### DATA
—————

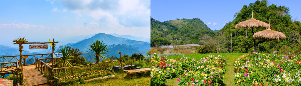 สวนดอกไม้และไร่สตรอว์เบอร์รีบนภูเขาที่มีอากาศเย็นสบายตลอดปี ในช่วงปลายปีมีแปลงดอกไม้สวยและต้นสนปกคลุมหมอกหนา เหมาะกับการถ่ายภาพมุมสูง วิวภูเขา และฟีลโรแมนติกแบบยุโรปเล็ก ๆ
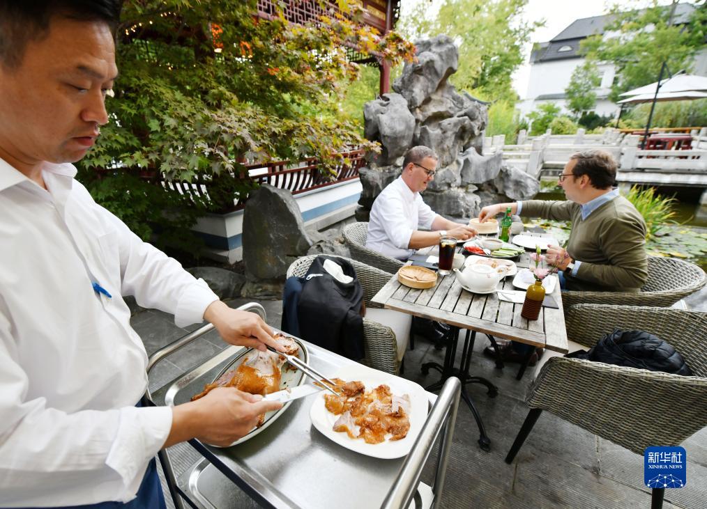 9月28日,德國漢堡豫園餐廳工作人員為顧客片烤鴨。
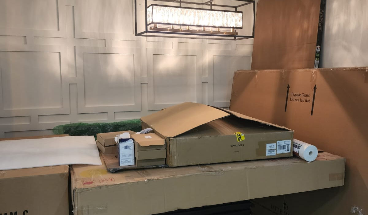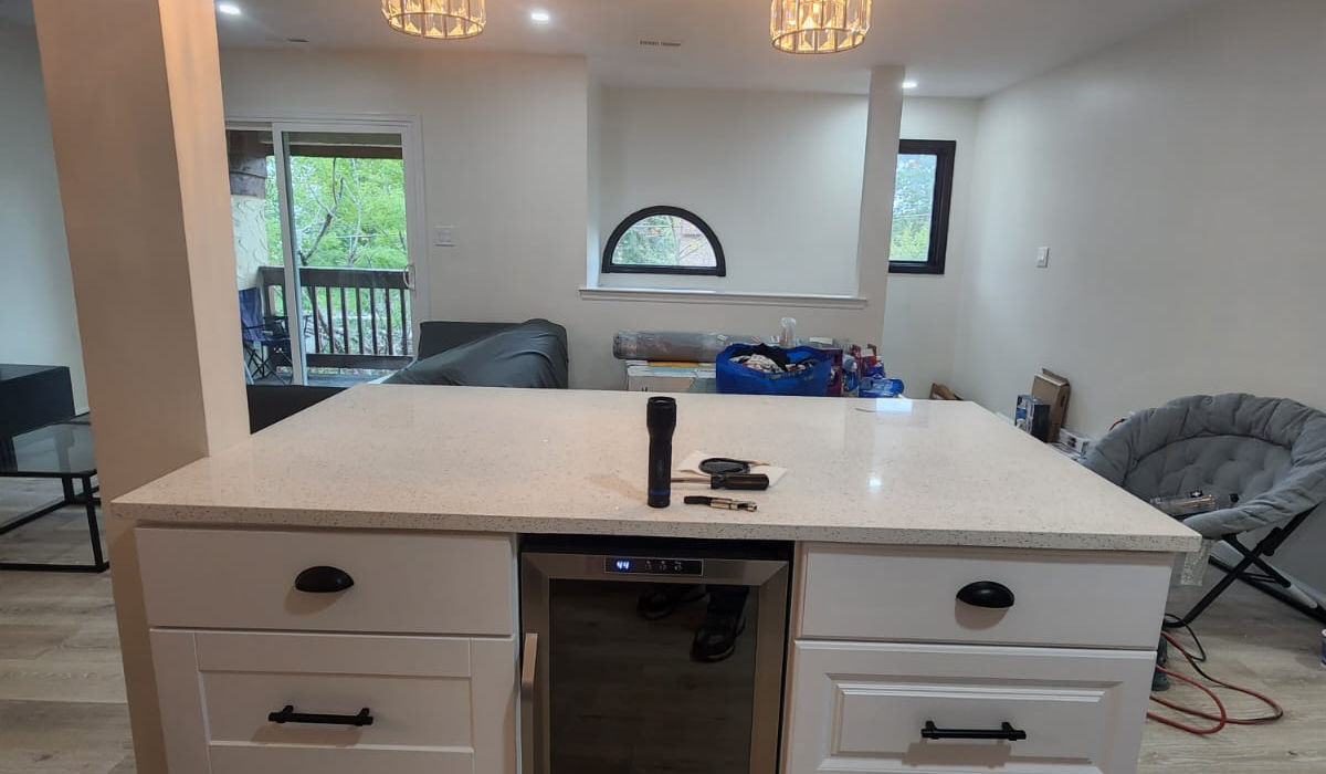 The finished electrical work delivers balanced lighting, modern aesthetics, and reliable performance, enhancing both the kitchen workspace and dining area. The combination of recessed lighting and statement fixtures provides excellent visibility while elevating the overall design.
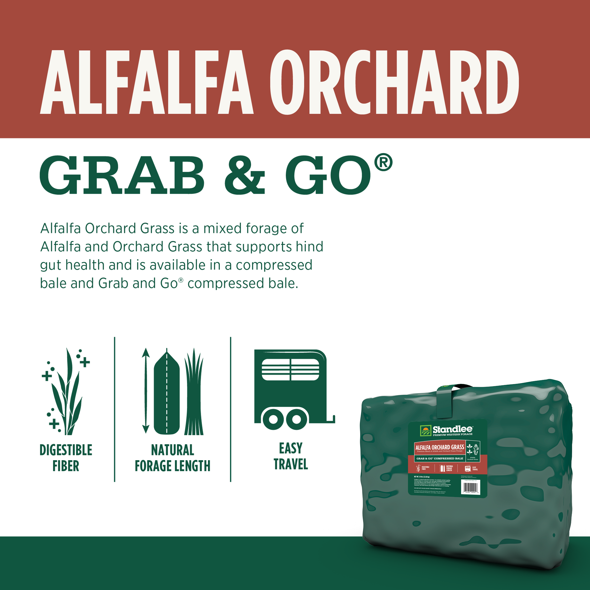 Premium Alfalfa/Orchard Grass Grab & Go Compressed Bales are formed by allowing Standlee Premium Western Forage to grow to the proper stage of maturity, cutting the plants, allowing them to sun-cure (dry) to an acceptable moisture level and baling the forage at the optimal time. Standlee Premium Western Forage creates Grab & Go compressed bales of forage from a large 4’x4’x8’ bale that is put through a press, sliced horizontally, pushed onto a scale, weighed, compressed, banded and then shrink-wrapped. This combination of Alfalfa and Orchard Grass is moderate in protein and moderate to low in sugar and is very palatable. Forages are non-perishable and can last for long periods of time if stored properly. Always store forages in a cool, dry and well-ventilated area.

—————

### TASK GOAL
Exact repetition is the task: every line from the start of the data to the line with "The finished electrical", inclusive, and none after it, pictures omitted.

### ANSWER
 สวนดอกไม้และไร่สตรอว์เบอร์รีบนภูเขาที่มีอากาศเย็นสบายตลอดปี ในช่วงปลายปีมีแปลงดอกไม้สวยและต้นสนปกคลุมหมอกหนา เหมาะกับการถ่ายภาพมุมสูง วิวภูเขา และฟีลโรแมนติกแบบยุโรปเล็ก ๆ
 9月28日,德國漢堡豫園餐廳工作人員為顧客片烤鴨。
 The finished electrical work delivers balanced lighting, modern aesthetics, and reliable performance, enhancing both the kitchen workspace and dining area. The combination of recessed lighting and statement fixtures provides excellent visibility while elevating the overall design.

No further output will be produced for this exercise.